Boost the Middle Class Act
Boost the Middle Class Act would substantially expand the Earned Income Tax Credit (EITC) under the Internal Revenue Code. The bill increases the earned income thresholds and the income phaseout thresholds used to determine the EITC for the three filing categories (no qualifying children, one qualifying child, and two or more qualifying children). It also raises the income threshold at which married couples filing jointly begin to lose the credit. In addition, the bill updates how the credit is adjusted for inflation, using newer base years. The changes would take effect for taxable years beginning after December 31, 2025 (i.e., starting in 2026).

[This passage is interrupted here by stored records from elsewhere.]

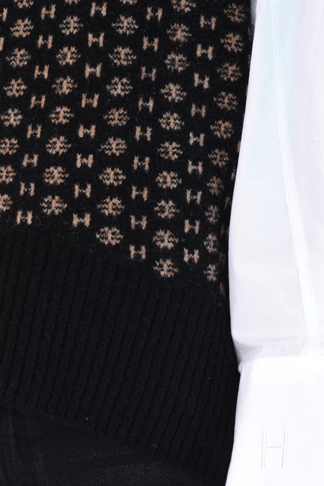 Logo Vest har en høj krave, forlænget ryg og et smukt, detaljeret strikket H-logo. Den er lavet i en blød blanding af kid mohair, merinould og nylon, som giver både varme og lethed. Et stilfuldt og eksklusivt lag, der tilfører struktur og karakter til ethvert outfit.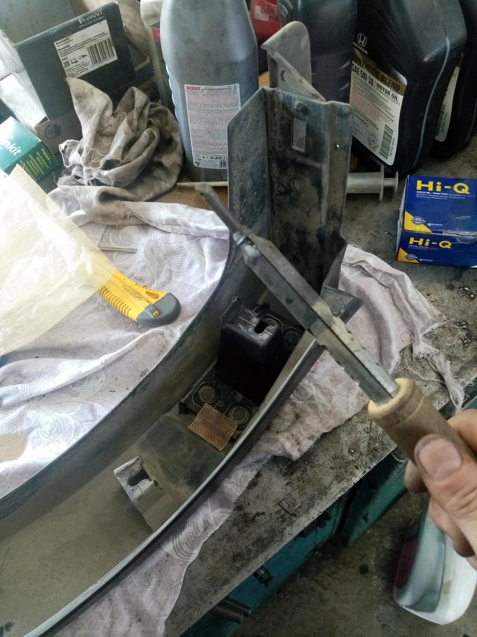 Берем сетку для ремонта пластика, паяльник, и вплавляем сетку в пластик, утапливая её после разогрева паяльником. Я утапливал шлицевой отверткой.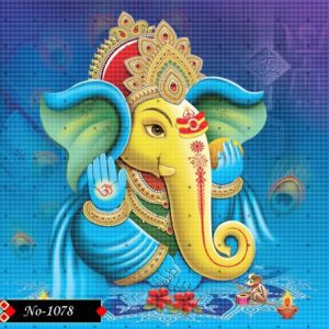 A delightful and colorful artwork of Lord Ganesha exuding warmth and joy. Set against a calming blue backdrop, this depiction features a playful yet divine expression, detailed ornaments, and the beloved mouse companion offering modaks. A perfect piece for children’s spaces, festive decor, or spreading positivity and good vibes in any corner of your home.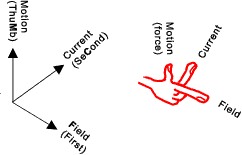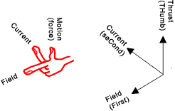The force on a conductor in a magnetic field is related to the current and is also related to the strength of the magnetic field. Flemings Left Hand Rule. This is used to identify the relative directions of the field, current and motion (Thrust) when a current flows in a conductor in a magnetic field........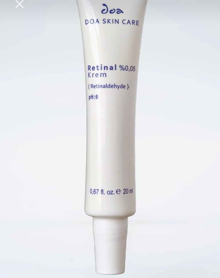 DOA Skin Care Retinal %0,05 içeren, pH 6 olan 20 ml'lik krem tüpü ile nazik cilt bakımı sağlar.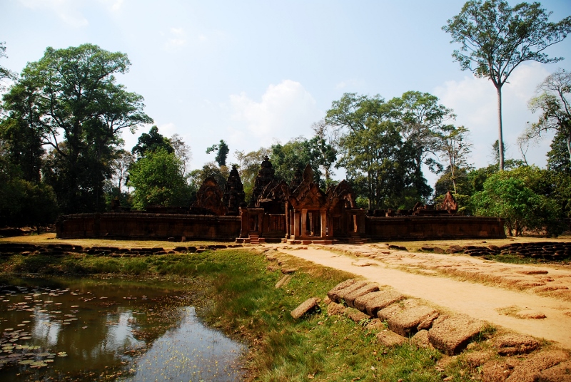 NO5 参道 環濠の先にバンテアイ スレイ 前方に見える ラテライト造りの 周壁は 東西 44M 南北 40Mと それほど大きな寺院ではありません |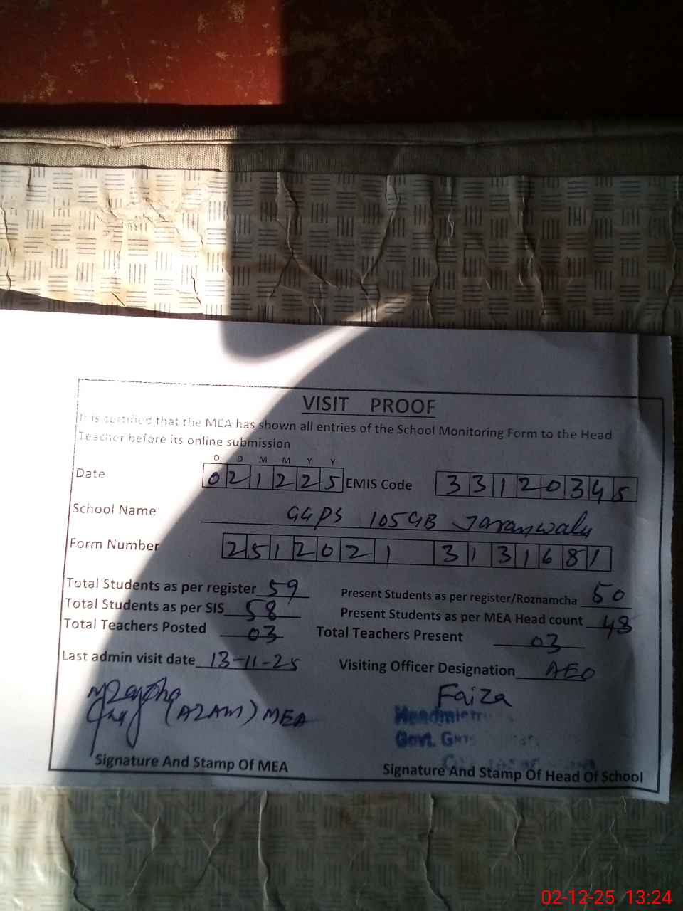 | EMIS Code: 33120345 | Name of School: GGPS CHAK 105 GB JARANWALA | |||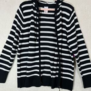 Just My Size Women's 1X Black Striped Hooded Cardigan Long Sleeve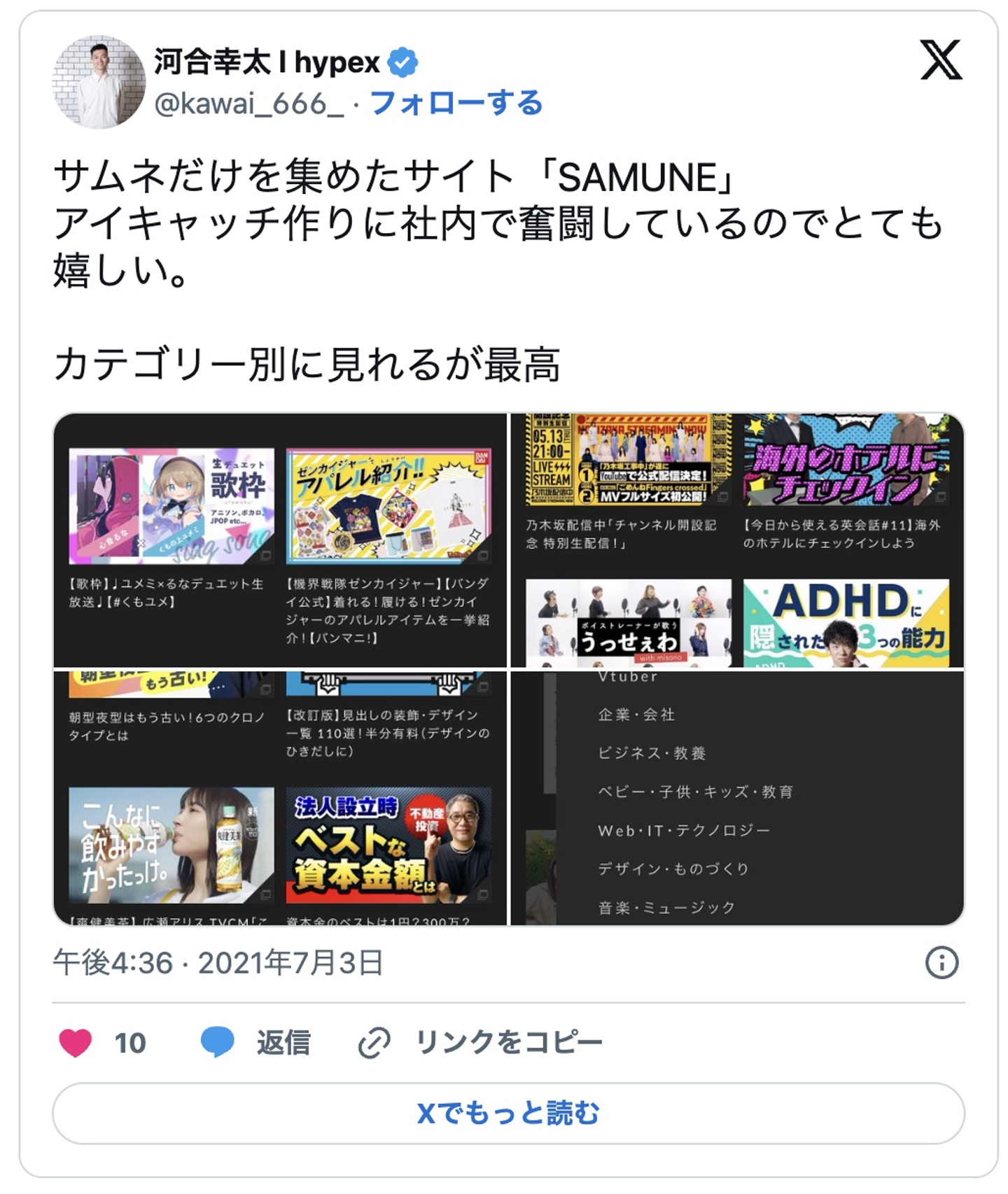 名前の通り、サムネイルだけが集められたサイトです。どちらかというとYouTubeとかのような動画のサムネが多い印象です。ただ、YouTubeって人が出ているサムネが多くクオリティも高いので、採用インタビューや採用広報記事などのアイキャッチにも実際とても参考になります。

Overall, the measure intends to make the EITC larger and more widely available, particularly for middle- and lower-income families, by increasing eligibility and the value of the credit.
Key Points
- 1The earned income amounts used to calculate the EITC are increased:
- 2- For the three EITC categories, the thresholds move from: 6,330 to 13,629; 8,890 to 19,140; and 4,220 to 9,086.
- 3Phaseout amounts are increased:
- 4- For two categories, the phaseout threshold moves from 11,610 to 24,992 (twice, for the first two categories).
- 5- For the category with two or more qualifying children, the phaseout threshold moves from 5,280 to 11,363.
- 6Married filing jointly (MFJ) phaseout amount increased:
- 7- From 5,000 to 7,612.
- 8Inflation adjustments:
- 9- The indexing years are updated: the base year before application to the credit is shifted (2015 → 2026; 1995 → 2025; 2008 → 2025).
- 10Effective date:
- 11- The amendments apply to taxable years beginning after December 31, 2025 (i.e., starting in 2026).